---
title: "Self-Inflicted Injuries in Causal Inference"
subtitle: "Common Errors in Observational Studies"
author:
- name: Joseph A. Bulbulia
affiliation: Victoria University of Wellington, New Zealand
orcid: 0000-0002-5861-2056
email: joseph.bulbulia@vuw.ac.nz
date: 2025-08-12
editor_options:
chunk_output_type: console
---
```{r}
#| label: load_libraries
#| echo: false
#| include: false
#| eval: true
# load required libraries
library(tidyverse)
library(ggplot2)
library(patchwork)
library(gtsummary)
library(broom.helpers)
library(performance)
library(kableExtra)
# set theme for plots
theme_set(theme_minimal())
knitr::opts_chunk$set(
fig.width=9,
fig.asp = 0.5625,
out.width = "0.9\\linewidth",
fig.align = "center",
dpi = 300
)
```
# **Part 1: Motivating Example**
## 1990s observational studies indicated 30% all-cause mortality reduction from estrogen therapies?
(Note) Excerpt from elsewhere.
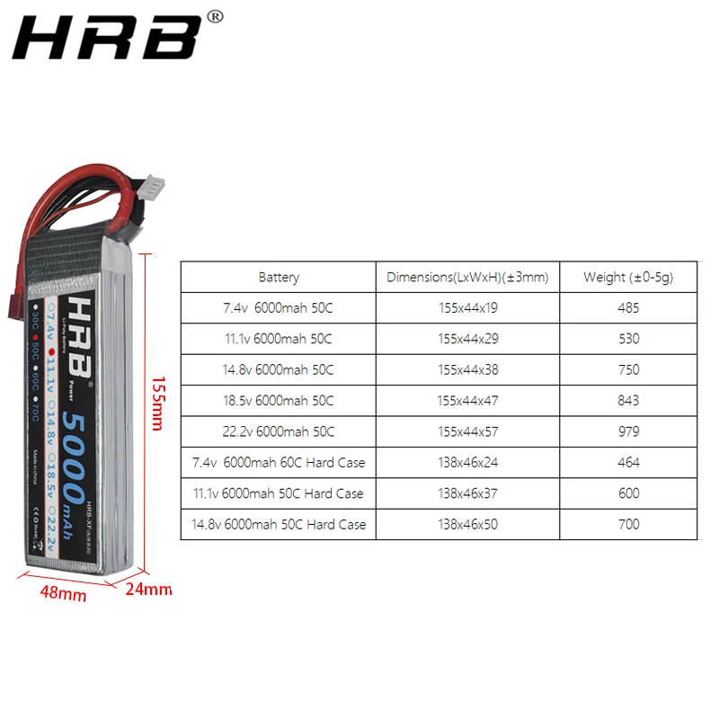 6000mAh HRB Lipo Battery 2-6S 50C for RC Models
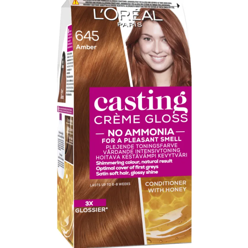 L’Oréal Casting Gloss -hiusväri Amber 645 Meripihka antaa hiuksiisi luonnollisen kiiltävän vivahteen täysin ilman ammoniakkia. Casting Gloss sopii täydellisesti, kun haluat korostaa luonnollista hiusväriä ja antaa sille uutta kiiltoa. Voidemainen kevytväri kestää hiuksissa jopa 6-8 viikkoa.

::: {.callout-note title="In the 1980s and 1990s estrogen treatments appeared to **benefit** postmenopausal women"}
Hazard ratio for all-cause mortality: **0.68** current users vs. never users
[@grodstein2006hormone]
:::
## Standard Medical Advice
::: nonincremental
- 1992 American College of Obstetricians and Gynecologists \textcolor{cyan}{"Probable beneficial effect of estrogens on heart disease."}
- 1992 American College of Physicians \textcolor{cyan}{"Women who have coronary heart disease or who are at increased risk of coronary heart disease are likely to benefit from hormone therapy."}
- 1993 National Cholesterol Education Program \textcolor{cyan}{"Epidemiologic evidence for the benefit of estrogen replacement therapy is especially strong for secondary prevention in women with prior CHD."}
- 1996 American Heart Association \textcolor{cyan}{"ERT does look promising as a long-term protection against heart attack."}
:::
## Women's Health Initiative: Evaluate Estrogens Experimentally
::: nonincremental
- Massive **randomised**, double-blind, placebo-controlled trial
- 16,000 U.S. women aged 50-79 years
- Assigned to Estrogen plus Progestin therapy
- Women followed approximately every year for up to 8 years.
:::
## Findings: **Clear Discrepancy**
::: {.callout-warning title="Experimental Findings: **opposite of observational findings**" icon="false"}
All-cause mortality Hazard Ratio: **1.23** for initiators vs non-initiators. [@manson2003estrogen]
:::
## Medical community response: **Reject** all observational studies
::: nonincremental
- Can observational studies ever be trusted?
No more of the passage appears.